Our Lord says not only ‘that where I am, they also may be,’ but adds ‘with Me.’ That is not a superfluous addition, but emphasises the thought of a communion which is more intimate and blessed than local presence alone would be.

The communion here is real but imperfect. It is perfected there on our part by the dropping away of flesh and sin, by change of circumstances, by emancipation from cares and toils necessary here, by the development of new powers and surroundings, and on His side by new manifestations.

(c) Vision of His glory.

The crown of this utterance of Christ’s will is ‘that they may behold My glory.’ In an earlier part of this prayer our Lord had spoken of the ‘glory which I had with Thee before the world was.’ But probably the glory ‘given’ is not that of essential Divinity, but that of His mediatorial work. To His people ‘with Him where He is,’ are imparted fuller views of Christ as Saviour, deeper notions of His work, clearer perception of His rule in providence and nature. This is the loftiest employment of the spirits who are perfected and lapped in ‘pleasures for evermore’ by their union with the glorified Jesus.

Surely this is grander than all metaphorical pictures of heaven.

II. The incipient fulfilment now going on.

The prayer has been in process of fulfilment ever since. The dead in Christ have entered on its answer now.

We need not discuss difficulties about the ‘intermediate state,’ for this at all events is true, that to be ‘absent from the body’ is to be ‘present with the Lord.’

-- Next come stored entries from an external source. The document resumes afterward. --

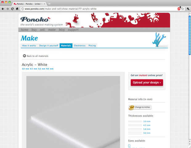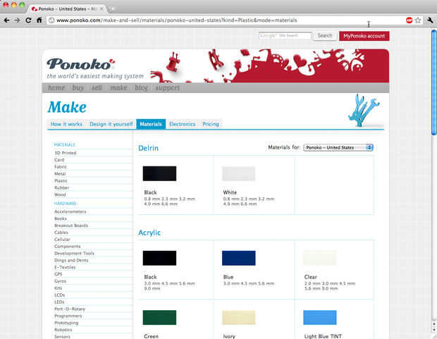 Navegación por el catálogo de materiales de Ponoko puede comparar materiales y decidir cual es mejor para usted.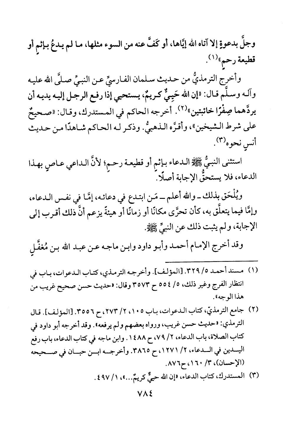 وأخرج الترمذيُّ من حديث سلمان الفارسيِّ عن النبيِّ صلَّى الله عليه وآله وسلَّم قال: «إن الله حَيِيٌّ كريمٌ، يستحيي إذا رفع الرجل إليه يديه أن يردَّهما صِفْرًا خائبتين» (¬٢). أخرجه الحاكم في المستدرك، وقال: «صحيحٌ على شرط الشيخين»، وأقرَّه الذهبيُّ. وذكر له الحاكم شاهدًا من حديث أنسٍ نحوه (¬٣).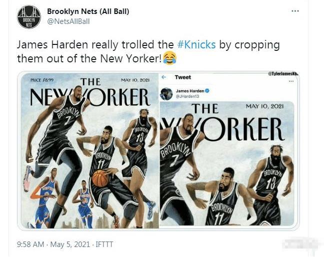 来源:24直播网05-21 10:3824直播网讯讯 谁是纽约城的主人?显然本赛季被认为是夺冠大热门的篮网队认为肯定是自己,此前《纽约客》为了表扬两支纽约球队本赛季的表现,制作了一版篮网队三巨头和尼克斯的兰德尔、巴雷特的漫画封面,不过哈登似乎并不认可尼克斯两个小伙子的地位,哈登发布的突破中尼克斯的两名球员被P掉,这也引发了大量尼克斯球迷的不满,哈登也受到了围攻,甚至有不少纽约球迷放话,纽约城只有一个主人,那就是尼克斯,即便是篮网队夺冠,纽约的球迷也不会为他们庆祝的。

A Christian death is an answer to this prayer. True, for Christians as for all, the physical necessity is an imperative law. True, the punitive aspect of death is retained for them. But yet the law is wielded by Christ, and while death remains, its whole aspect is changed. So we may think of those who have departed in His faith and fear as gone in answer to this prayer.

How beautiful that is! Slowly, one by one, they are gathered in, as the stars one by one light up. Place after place is filled.

Thus through the ages the prayer works on, and our dear ones have gone from us, but they have gone to Him. We weep, but they rejoice. To us their departure is the result of an iron law, of a penal necessity, of some secondary cause; but to them it is seen to be the answer to His mighty prayer. They hear His voice and follow Him when He says, ‘Come up hither.’

III. The final fulfilment still future.

The prayer looks forward to a perfect fulfilment. His prayer cannot be vain.

(a) Perfect in degree.

(b) Perfect in extent, when all shall be gathered together and the ‘whole family’ shall be ‘in heaven,’ and Christ’s own word receives its crowning realisation, that ‘of all whom the Father hath given Him He has lost nothing.’

And these are not some handful picked out by a decree which we can neither fathom nor alter, but Christ is given to us all, and if we choose to take Him, then for us He has ascended; and as we watch Him going up the voice comes to us: ‘I go to prepare a place for you. I will come again and receive you unto Myself, that where I am, there ye may be also.’